That some form of compression is essential for successful prosodification (and parsing) of nested structures is also supported by recent results on the processing of multiple center embedding (multiple nesting to use the present terminology) discussed in Fodor et al. (Reference Fodor, Nickels, Schott, de Almeida and Gleitman2018). The groundbreaking work of Fodor et al. shows that the intelligibility in reading (i.e., in the absence of explicit prosody) of famously unparsable sentences with multiple center embeddings (the mouse that the cat that the dog chased bit died) increases considerably (in predictable ways) when the relative weight of each phrase is carefully manipulated to encourage phrasings that optimize the conflicting syntactic and length constraints:

(13) The French woman || the man I met loves || died.

Fodor et al. (Reference Fodor, Nickels, Schott, de Almeida and Gleitman2018) show that by lengthening the first DP and shortening the following material, they can encourage the multiple center embedding to be parsed in three optimal phrases, as in (13). The same manipulation of size leads not only to better prosodification in production but also to improved comprehension in silent reading. If our analysis is on the right track, we predict that similar results could also be achieved in less well-balanced sentences (in terms of length), by modulating the relative weight of each phrase through speech rate (i.e., slowing down tempo in the first phrase and accelerating in the second one).

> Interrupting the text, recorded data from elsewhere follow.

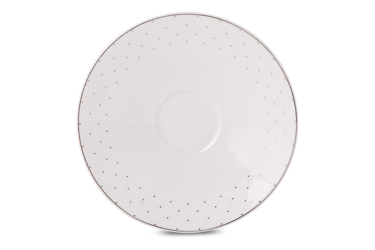 Nieprzeciętna kolekcja naczyń AMELIA CARMEN wyróżnia się zdobieniami w postaci połyskujących i połączonych ze sobą kropek – całość tworzy wyszukany wzór, pełen lekkości i elegancji. Ponadto srebrne wykończenia na brzegach podkreślają piękną biel porcelany. Kolekcję wykonano w całości w polskich fabrykach z najwyższej jakości porcelany, dzięki czemu przez długie lata będzie przyozdabiać stół czy wypełniać urokiem przeszklone witrynki.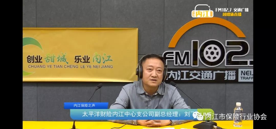 8月26日,内江市保险行业协会车险专业委员会副主任、太平洋产险内江中心支公司副总经理刘飞,做客FM102.7内江交通广播“内江保险之声”栏目第八期直播间,与大家聊聊车险那些事。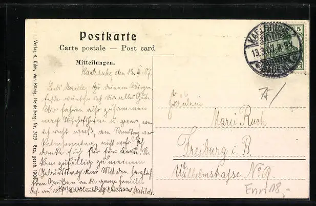 alte Ansichtskarte, gelaufen 1907, Stempelspur, guter Zustand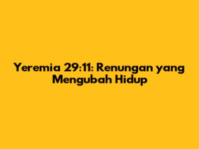 Yeremia 29:11: Renungan Mendalam Untuk Hidupmu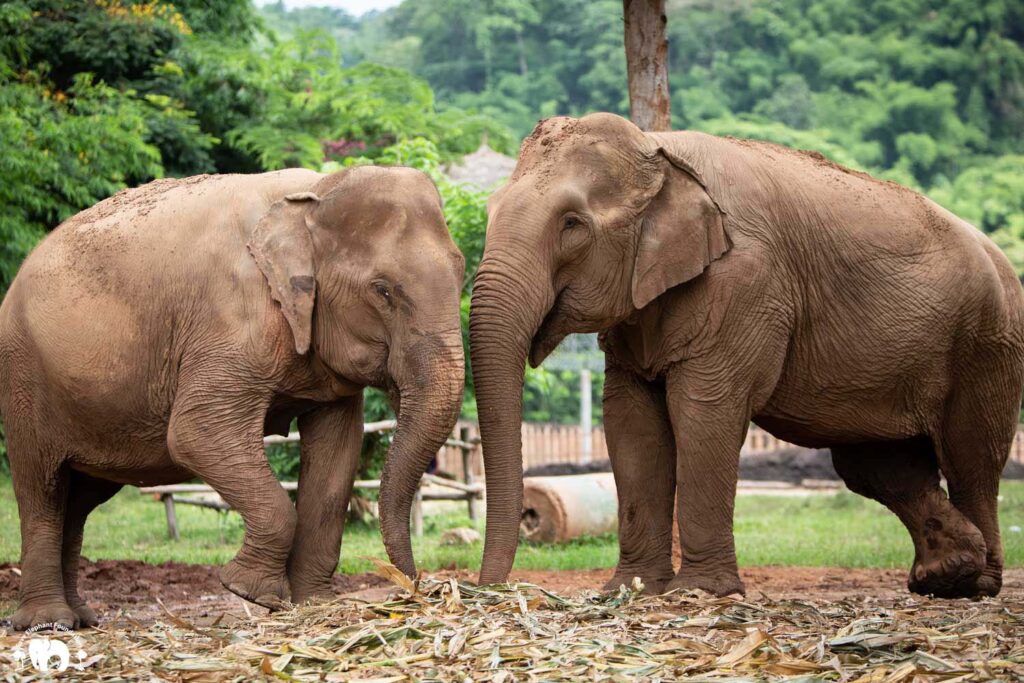 In July 2018 we rescued Kanjana from Pai, northern Thailand to Save Elephant Foundation. Upon arrival she was introduced to another elephant who had been rescued a few weeks before, named Fah Mui. They immediately formed an unexpected deep bond and began sharing a night enclosure together. It seems likely that Fah Mui became the mother who Kanjana never had.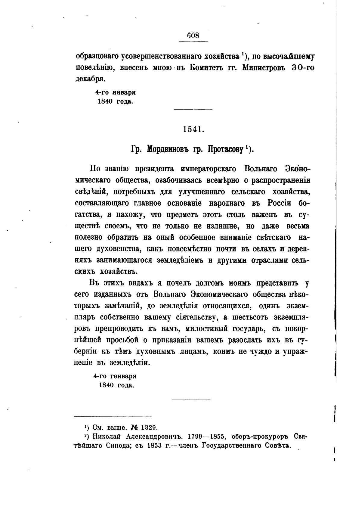 Гр. Мордвиновъ гр. Пртаеову 1).
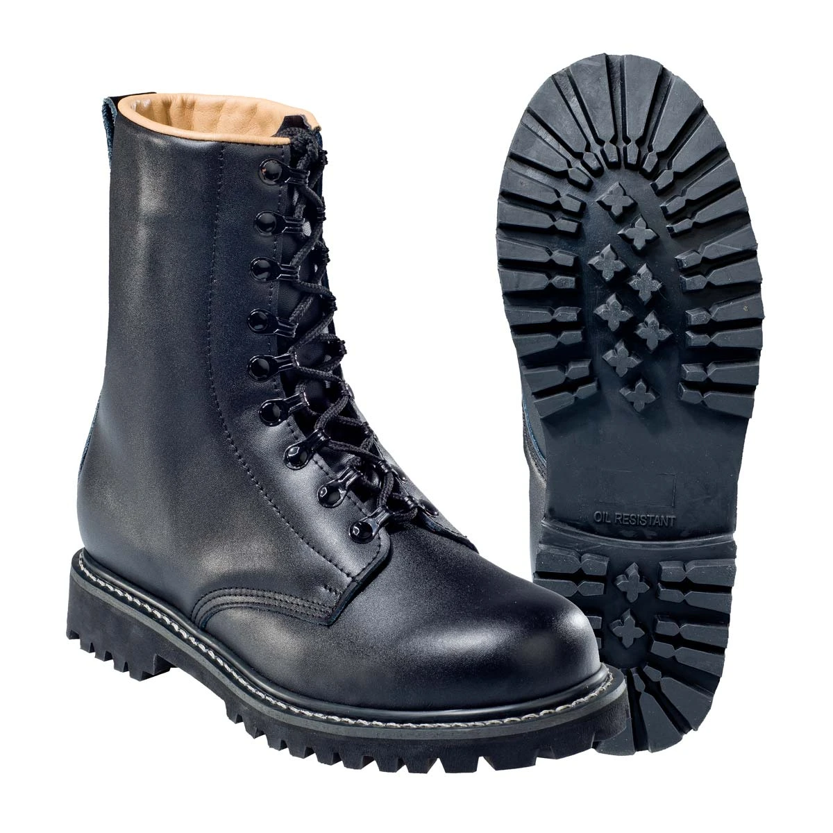 Der klassische ledergefütterte BW Springerstiefel mit 9-Loch Schnürrung ist ein idealer Allroundstiefel. Dank der stabilen Sohle und der Zehenverstärkung ist er für jeden Einsatz im Gelände oder Beruf gewappnet. Eine spezielle Beschichtung erhöht die Widerstandsfähigkeit gegen Wetter und Verschleiß. Das Schnellschnürrsystem ermöglicht ein rasches An- und Ausziehen.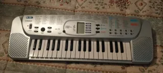El CTK-240 presenta 49 teclas estándar, 100 tonos, 100 ritmos y 50 canciones son perfectos para clases de música instructivas pero divertidas. Teclado: 49 teclas Tonos: 100 Polifonía: Max. 12 tonos (6 tonos para ciertas cualidades de tono) Acompañamiento automático: Patrones de ritmo: 100 Tempo: variable (236 pasos, 20 a 255) Acordes: 2 métodos de digitación Controlador de ritmo: START / STOP, SYNCHRO / FILL-IN Funciona con pilas o fuente de alimentación de 9.5V DC (incluida) El teclado tiene la pequeña pantalla rota y en una de las funciones especiales alguna tecla no suena. En modo normal funciona todo bien.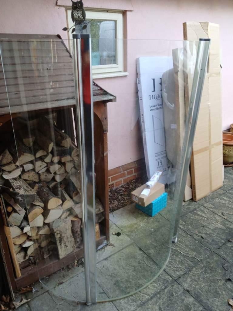 Large folding shower screen.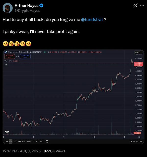 同月早些時候,他以宏觀經濟擔憂為由,在Ethereum價格接近3500美元時賣出了832萬美元的Ethereum。當ETH反彈至4150美元以上時,他重新買回,并在社交媒體上承認:“不得不全部買回來。我發誓,我再也不會獲利了結了。”
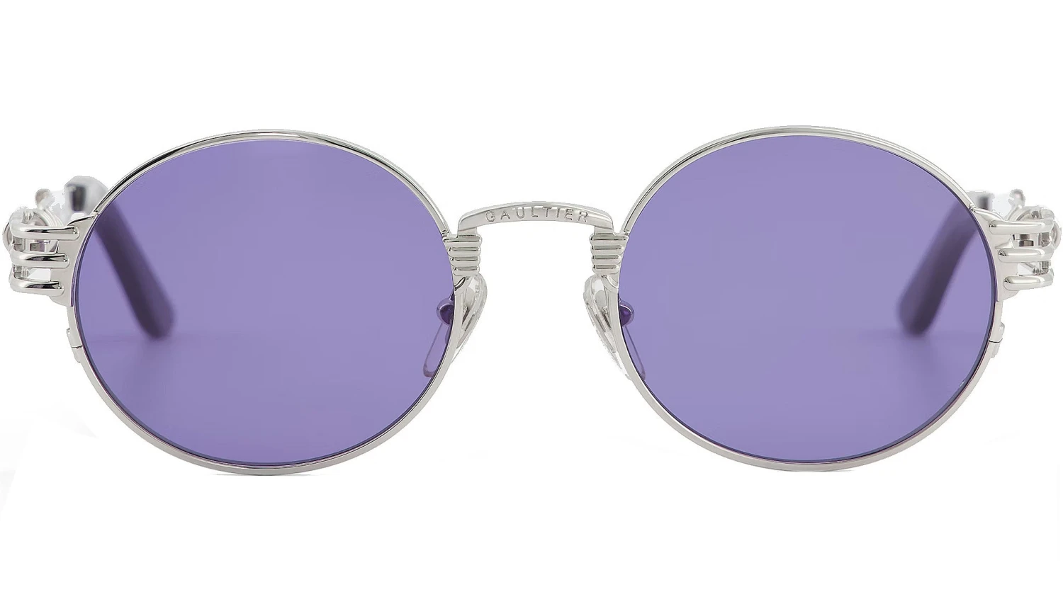 A limited edition Jean Paul Gaultier sunglasses, in collaboration with Karim Benzema. Round silver-tone frames and metallic temples with spring detail. Varnished metal alloy temples with gold-flash treatment. “Gaultier” engraved bridge. Inside temples engraved with “KB9” and a serial number. Mazzucchelli acetate temple tips. Blue/violet lens color. Category 3 UVA and UVB filter. Anti-glare treatment. Materials: 75% Metal, 10% Acetate, 15% Glass.

In future work we also aim to investigate the feasibility of extending this account to the better-studied case of polysyllabic shortening, that is, the inverse relationship between the size of a constituent and the duration of its primary stressed syllable (see Lehiste, Reference Lehiste1972; Nooteboom, Reference Nooteboom1997; Davis et al., Reference Davis, Marslen-Wilson and Gaskell2002; Salverda et al., Reference Salverda, Dahan and McQueen2003; Shatzman and McQueen, Reference Shatzman and McQueen2006; White and Turk, Reference White and Turk2010; and others).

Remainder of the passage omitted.